▸ EXERCISE REQUIREMENTS: Copy the records word for word. Pictures do not go in.

▸ RAW DATA:
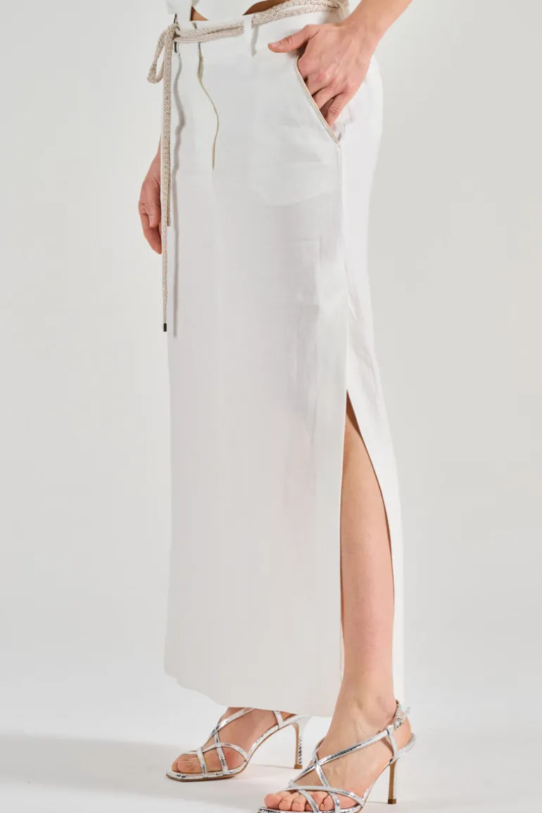 La gonna Gabardina di Peserico è un capo versatile e raffinato, ideale per il guardaroba femminile. Realizzata in puro lino, offre una leggerezza e una freschezza uniche, perfette per le giornate estive. Il colore bianco conferisce un tocco di eleganza e classico al tuo look, permettendo facili abbinamenti con diverse bluse e accessori.
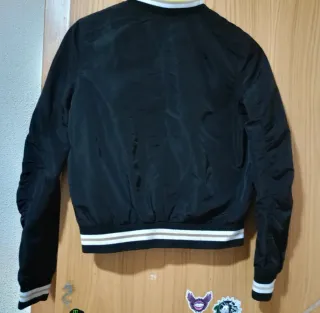 Chaqueta bomber negra con parches Talla M
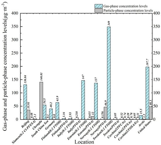 Up to now, research on the environmental pollution characteristics of PFASs in China and other countries has mainly focused on water bodies and soil, while studies on PFASs in the atmosphere are relatively scarce. The atmosphere is vital for human survival, and atmospheric transport is also one of the important pathways for PFAS transport. The distribution of PFASs (Table 2) in the gas and particle phases affects their form and deposition mode in the atmosphere. However, compared with water bodies and sediments, research on monitoring PFASs in the atmosphere is still very limited. On the one hand, most PFASs have low volatility, and only a few precursor compounds such as FTOHs and sulfonamide ethanol can exist in the atmosphere in a gaseous or granular form, thereby limiting the number of target species that can be monitored. On the other hand, the concentration of PFASs (Figure 2) in the atmosphere is usually at the pg/m3 level, posing extremely high requirements for sampling and detection sensitivity. In addition, PFASs are prone to complex photochemical transformations in the atmosphere, generating multiple intermediates and stable end products, which increase the uncertainty of monitoring and traceability. Although there is already evidence indicating that long-distance atmospheric transmission is an important pathway for the global distribution of PFASs, the current related monitoring data still display fragmented and unsystematic characteristics, causing atmospheric research to lag significantly behind that focused on other environmental media [16]. In previous atmospheric research on PFASs, reports from outside China have mainly focused on developed coastal countries such as northwest Europe, the United Kingdom, Germany, and the United States. However, this research has been ongoing for over a decade, lacking long-term and sustained monitoring and detection. Research on PFASs in the atmosphere in China has accelerated in the past decade, but related studies remain limited, with the main research sites including coastal cities such as Tianjin, Yantai, and Xiamen, as well as some areas in the South China Sea or near pollution sources such as factories.
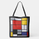 All over print bag inspired by Piet Mondrian's Composition with Large Red Plane, Yellow, Black, Grey, and Blue De Stijl modern art painting.
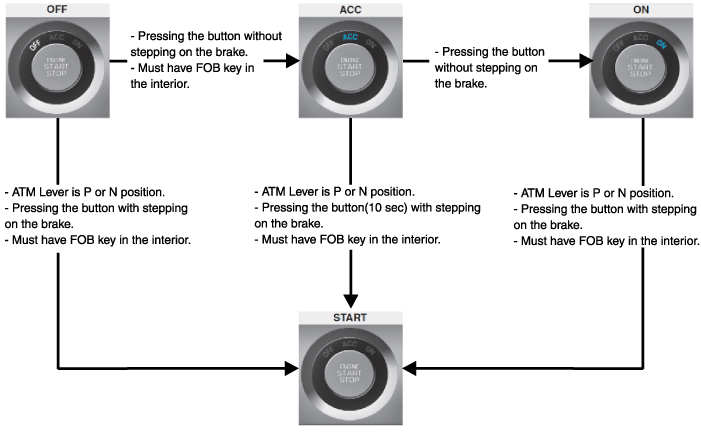 Состояние электропитания изменяется в диапазоне ВЫКЛ. >ACC>IGN>OFF нажатием кнопки без нажатия на тормоз (Или с нажатием на тормоз) внутри автомобиля с ключом FOB (Когда передача не находится в положении P, мощность постоянно переключается между ACC и IGN. Преобразование в OFF невозможно.)
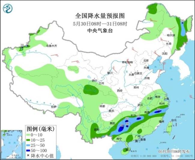 5月30日08时至31日08时,新疆西部、青藏高原北部和东部、内蒙古东北部、黑龙江、吉林东部、江南大部、云南、贵州中南部、华南、苏皖中南部等地的部分地区有小到中雨,其中,浙江南部、福建北部、江西中部、湖南中南部、广西北部以及黑龙江东部、新疆南疆西部等地的部分地区有大雨,局地有暴雨(50~90毫米)。内蒙古中东部、东北地区、山西北部、河北北部等地的部分地区有4~6级风。黄海北部和东海北部海域有4~6级、阵风7级的偏西风,东海南部和南海西南部海域有4~6级、阵风7级的西南风。
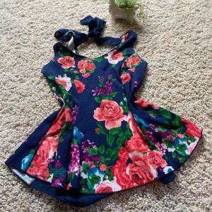 Medium, adorable floral tied up outing shirt. Pompeii ish style but super tight around hips, perfect for leggings. See through back 🌻
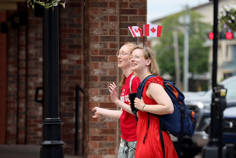 7月1日,加拿大爱德华王子岛首府夏洛特敦,两名女子头戴加拿大国旗,准备参加国庆日公众庆祝活动。(图片来源:中新社)
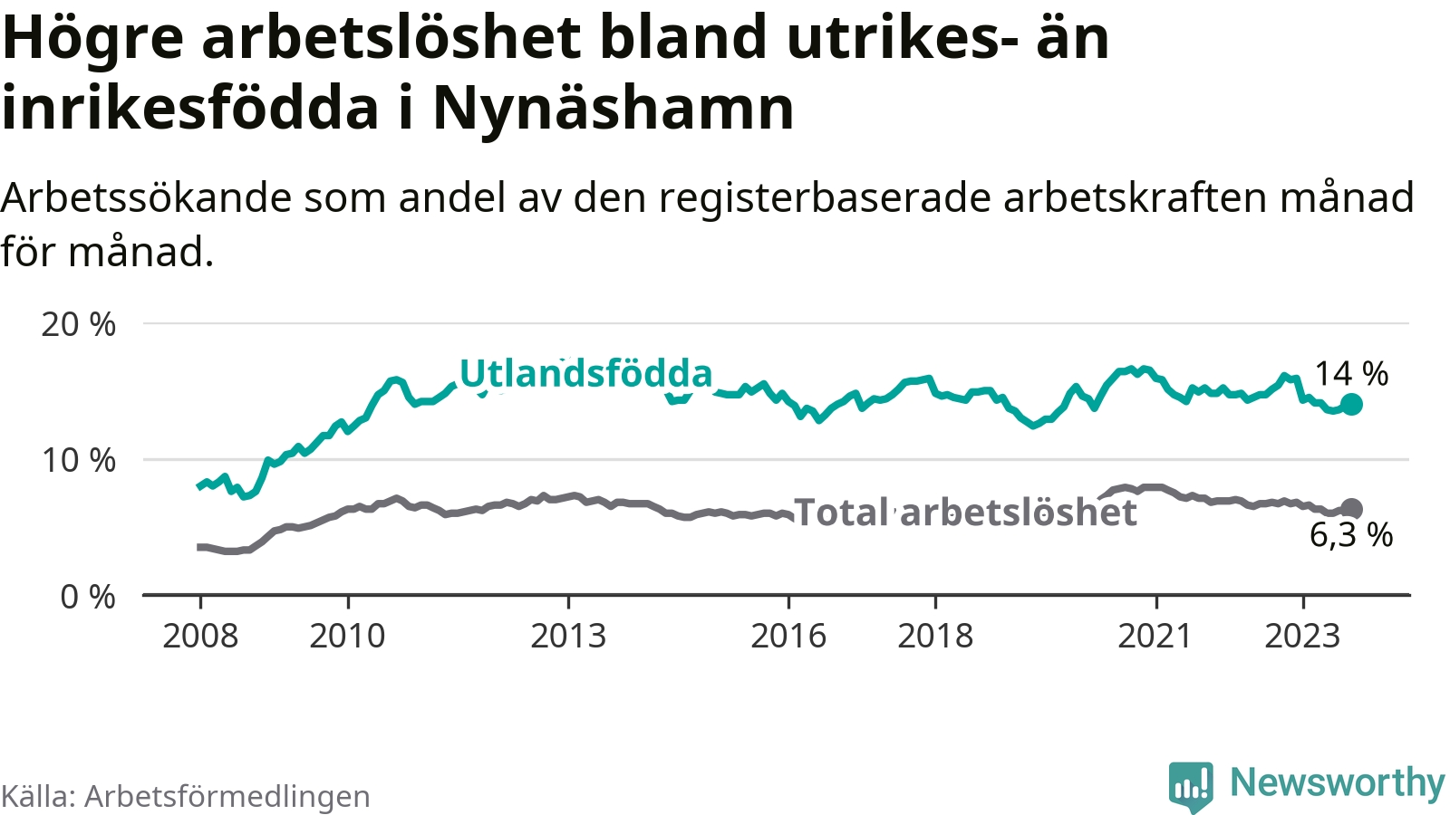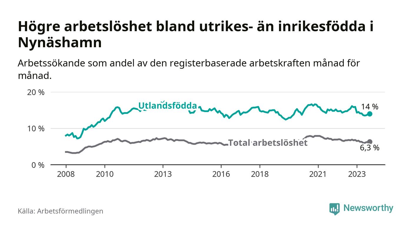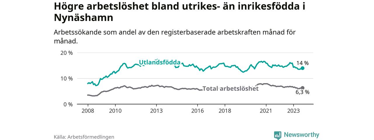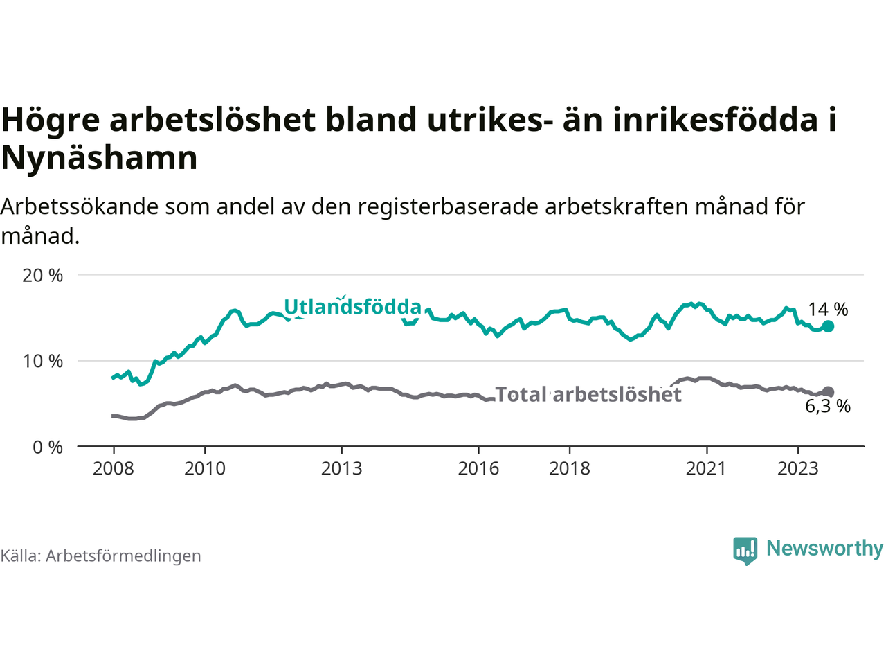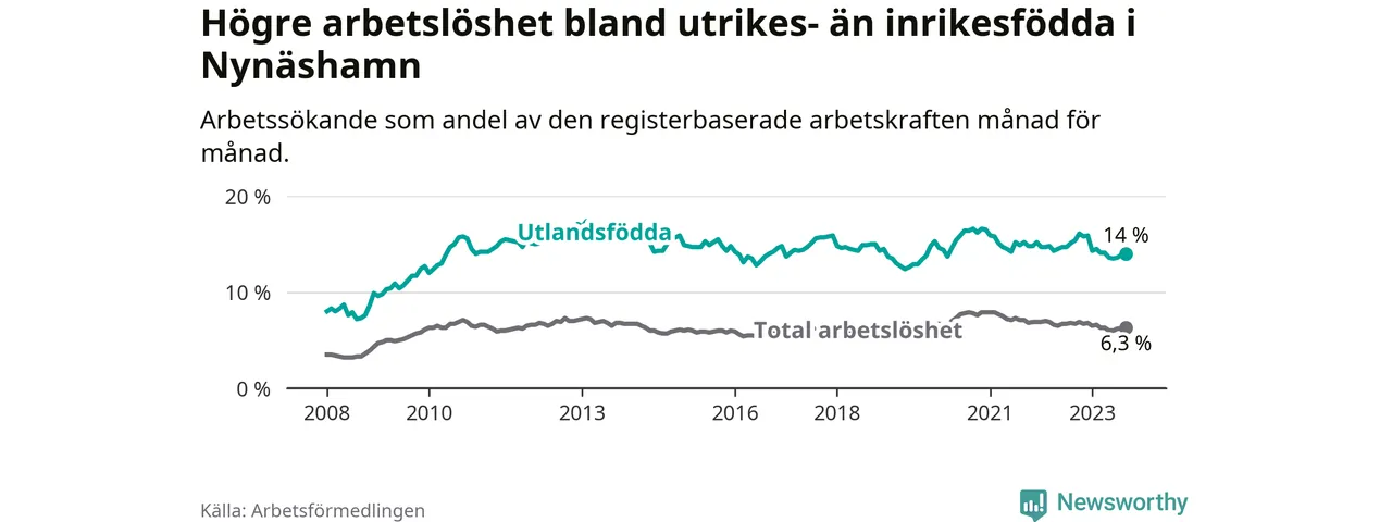 Den senaste månadsstatistiken från Arbetsförmedlingen visar på en nedgång i arbetslöshet bland utlandsfödda i Nynäshamns kommun med 1,4 procentenheter. Arbetslösheten bland invånare födda i ett annat land låg i september på 14,0 procent.
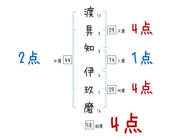 渡具知伊玖磨さんの画数の鑑定結果
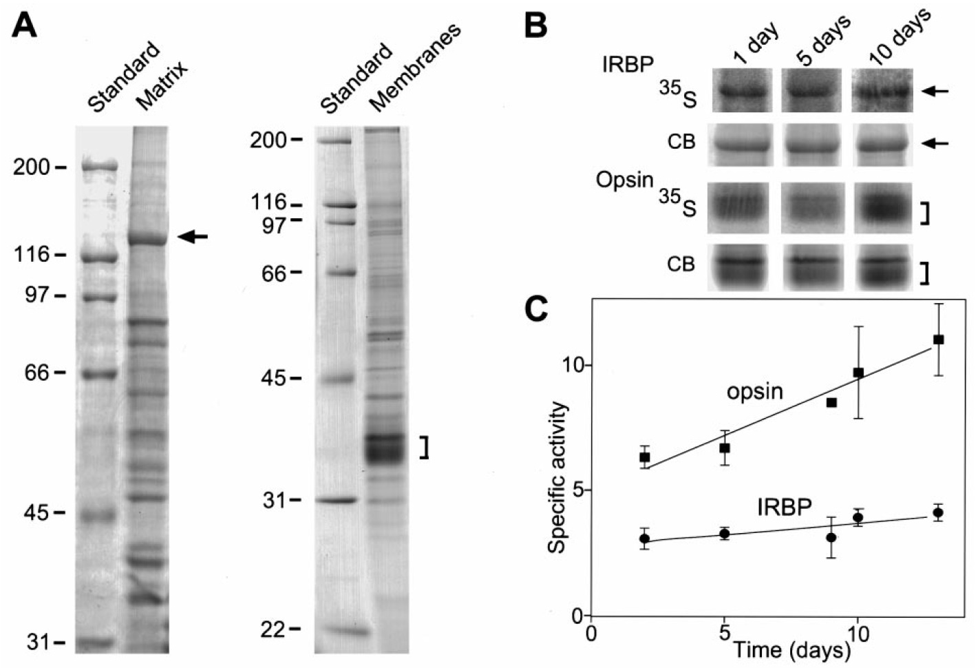 The interphotoreceptor matrix (IPM) is a highly-organized extracellular matrix critical to retinal development and function. Although the concentrations of its components are carefully regulated, little is known about the mechanisms of this regulation. Interphotoreceptor retinoid-binding protein (IRBP) is the most abundant soluble protein component of the IPM. Although its rate of clearance is thought to be an important factor regulating the concentration of IRBP within the IPM, no study has measured the rate of its extracellular turnover. Here we determine the rate of turnover of matrix IRBP in Xenopus. The rate of IRBP turnover was estimated by measuring the loss of radioactivity from protein labeled by a single injection of a radiolabeled protein precursor. To provide an estimate of the rate of IRBP turnover, we have examined the following issues: (1) Quantitative extraction of IRBP from the IPM for biochemical analysis. (2) Routes of delivery of radiolabeled precursor to achieve a pulse label in vivo. (3) Selection of labeled precursor in order to minimize reutilization of radiolabel. Using Western blot analysis, immunoprecipitation and immuno-electron microscopy, we found that IRBP can be quantitatively extracted from the IPM by a simple saline wash. IRBP was radiolabeled by systemic or intravitreal injection of either [35S]methionine or carboxyl-terminal labeled [1-14C]leucine. The specific activity of matrix IRBP was determined by either phosphorimaging or fluorography of Coomassie blue-stained SDS-polyacrylamide gels. Intravitreal injection of tracer was more effective than systemic delivery in achieving a pulse of radiolabel to the retina. This may be due to intravitreal injection allowing the body to act as a 'sink' for radiolabeled amino acid. When radiolabeled precursor was delivered by intravitreal injection, the calculated half-life of matrix IRBP using [35S]methionine was 25. 6+/-0.82 hr; in contrast, it was 10.7+/-2.9 hr using [1-14C]leucine. The faster apparent IRBP turnover using [1-14C]leucine is interpreted in context of the early decarboxylation of leucine during its degradation. Our results demonstrate rapid turnover of IRBP in the Xenopus IPM in vivo and suggest that the IPM is a dynamic structure undergoing continuous renewal.
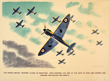 Original vintage World War Two propaganda poster featuring a great illustration by James Gardner (1907-1995) of Royal Air Force RAF Spitfire planes flying in formation with the text below - The famous British "Spitfires" flying in formation. Each machine can fire at the rate of over 6,000 cannon and machine gun bullets per minute. Horizontal. Good condition, restored tears, minor staining, backed on linen.
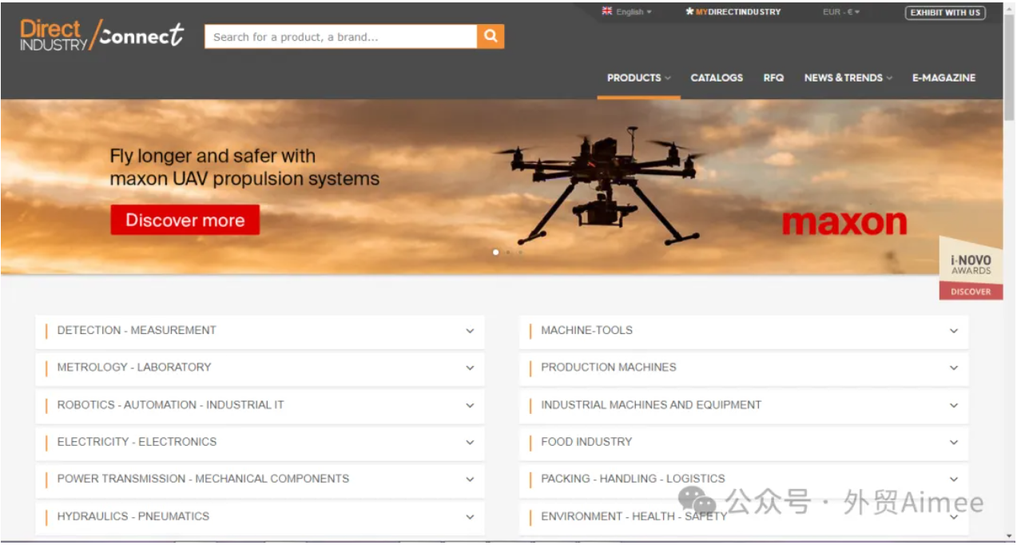 DirectIndustry于1999年在法国成立,是集搜索引擎优化,在线展会,行业网站,专业化B2B平台于一身的新型的多语言,多关键词,多搜索引擎的国际化本土化电子商务推广平台。拥有9种语言(英法德西意日中俄葡)。在线企业及产品展示平台,旗帜广告,电子简报,仅限制造商注册,覆盖200多个国家,200万买家,每月网页点击量14.6百万。

▸ EXERCISE RESPONSE:
 La gonna Gabardina di Peserico è un capo versatile e raffinato, ideale per il guardaroba femminile. Realizzata in puro lino, offre una leggerezza e una freschezza uniche, perfette per le giornate estive. Il colore bianco conferisce un tocco di eleganza e classico al tuo look, permettendo facili abbinamenti con diverse bluse e accessori.
 Chaqueta bomber negra con parches Talla M
 Up to now, research on the environmental pollution characteristics of PFASs in China and other countries has mainly focused on water bodies and soil, while studies on PFASs in the atmosphere are relatively scarce. The atmosphere is vital for human survival, and atmospheric transport is also one of the important pathways for PFAS transport. The distribution of PFASs (Table 2) in the gas and particle phases affects their form and deposition mode in the atmosphere. However, compared with water bodies and sediments, research on monitoring PFASs in the atmosphere is still very limited. On the one hand, most PFASs have low volatility, and only a few precursor compounds such as FTOHs and sulfonamide ethanol can exist in the atmosphere in a gaseous or granular form, thereby limiting the number of target species that can be monitored. On the other hand, the concentration of PFASs (Figure 2) in the atmosphere is usually at the pg/m3 level, posing extremely high requirements for sampling and detection sensitivity. In addition, PFASs are prone to complex photochemical transformations in the atmosphere, generating multiple intermediates and stable end products, which increase the uncertainty of monitoring and traceability. Although there is already evidence indicating that long-distance atmospheric transmission is an important pathway for the global distribution of PFASs, the current related monitoring data still display fragmented and unsystematic characteristics, causing atmospheric research to lag significantly behind that focused on other environmental media [16]. In previous atmospheric research on PFASs, reports from outside China have mainly focused on developed coastal countries such as northwest Europe, the United Kingdom, Germany, and the United States. However, this research has been ongoing for over a decade, lacking long-term and sustained monitoring and detection. Research on PFASs in the atmosphere in China has accelerated in the past decade, but related studies remain limited, with the main research sites including coastal cities such as Tianjin, Yantai, and Xiamen, as well as some areas in the South China Sea or near pollution sources such as factories.
 All over print bag inspired by Piet Mondrian's Composition with Large Red Plane, Yellow, Black, Grey, and Blue De Stijl modern art painting.
 Состояние электропитания изменяется в диапазоне ВЫКЛ. >ACC>IGN>OFF нажатием кнопки без нажатия на тормоз (Или с нажатием на тормоз) внутри автомобиля с ключом FOB (Когда передача не находится в положении P, мощность постоянно переключается между ACC и IGN. Преобразование в OFF невозможно.)
 5月30日08时至31日08时,新疆西部、青藏高原北部和东部、内蒙古东北部、黑龙江、吉林东部、江南大部、云南、贵州中南部、华南、苏皖中南部等地的部分地区有小到中雨,其中,浙江南部、福建北部、江西中部、湖南中南部、广西北部以及黑龙江东部、新疆南疆西部等地的部分地区有大雨,局地有暴雨(50~90毫米)。内蒙古中东部、东北地区、山西北部、河北北部等地的部分地区有4~6级风。黄海北部和东海北部海域有4~6级、阵风7级的偏西风,东海南部和南海西南部海域有4~6级、阵风7级的西南风。
 Medium, adorable floral tied up outing shirt. Pompeii ish style but super tight around hips, perfect for leggings. See through back 🌻
 7月1日,加拿大爱德华王子岛首府夏洛特敦,两名女子头戴加拿大国旗,准备参加国庆日公众庆祝活动。(图片来源:中新社)
 Den senaste månadsstatistiken från Arbetsförmedlingen visar på en nedgång i arbetslöshet bland utlandsfödda i Nynäshamns kommun med 1,4 procentenheter. Arbetslösheten bland invånare födda i ett annat land låg i september på 14,0 procent.
 渡具知伊玖磨さんの画数の鑑定結果
 The interphotoreceptor matrix (IPM) is a highly-organized extracellular matrix critical to retinal development and function. Although the concentrations of its components are carefully regulated, little is known about the mechanisms of this regulation. Interphotoreceptor retinoid-binding protein (IRBP) is the most abundant soluble protein component of the IPM. Although its rate of clearance is thought to be an important factor regulating the concentration of IRBP within the IPM, no study has measured the rate of its extracellular turnover. Here we determine the rate of turnover of matrix IRBP in Xenopus. The rate of IRBP turnover was estimated by measuring the loss of radioactivity from protein labeled by a single injection of a radiolabeled protein precursor. To provide an estimate of the rate of IRBP turnover, we have examined the following issues: (1) Quantitative extraction of IRBP from the IPM for biochemical analysis. (2) Routes of delivery of radiolabeled precursor to achieve a pulse label in vivo. (3) Selection of labeled precursor in order to minimize reutilization of radiolabel. Using Western blot analysis, immunoprecipitation and immuno-electron microscopy, we found that IRBP can be quantitatively extracted from the IPM by a simple saline wash. IRBP was radiolabeled by systemic or intravitreal injection of either [35S]methionine or carboxyl-terminal labeled [1-14C]leucine. The specific activity of matrix IRBP was determined by either phosphorimaging or fluorography of Coomassie blue-stained SDS-polyacrylamide gels. Intravitreal injection of tracer was more effective than systemic delivery in achieving a pulse of radiolabel to the retina. This may be due to intravitreal injection allowing the body to act as a 'sink' for radiolabeled amino acid. When radiolabeled precursor was delivered by intravitreal injection, the calculated half-life of matrix IRBP using [35S]methionine was 25. 6+/-0.82 hr; in contrast, it was 10.7+/-2.9 hr using [1-14C]leucine. The faster apparent IRBP turnover using [1-14C]leucine is interpreted in context of the early decarboxylation of leucine during its degradation. Our results demonstrate rapid turnover of IRBP in the Xenopus IPM in vivo and suggest that the IPM is a dynamic structure undergoing continuous renewal.
 Original vintage World War Two propaganda poster featuring a great illustration by James Gardner (1907-1995) of Royal Air Force RAF Spitfire planes flying in formation with the text below - The famous British "Spitfires" flying in formation. Each machine can fire at the rate of over 6,000 cannon and machine gun bullets per minute. Horizontal. Good condition, restored tears, minor staining, backed on linen.
 DirectIndustry于1999年在法国成立,是集搜索引擎优化,在线展会,行业网站,专业化B2B平台于一身的新型的多语言,多关键词,多搜索引擎的国际化本土化电子商务推广平台。拥有9种语言(英法德西意日中俄葡)。在线企业及产品展示平台,旗帜广告,电子简报,仅限制造商注册,覆盖200多个国家,200万买家,每月网页点击量14.6百万。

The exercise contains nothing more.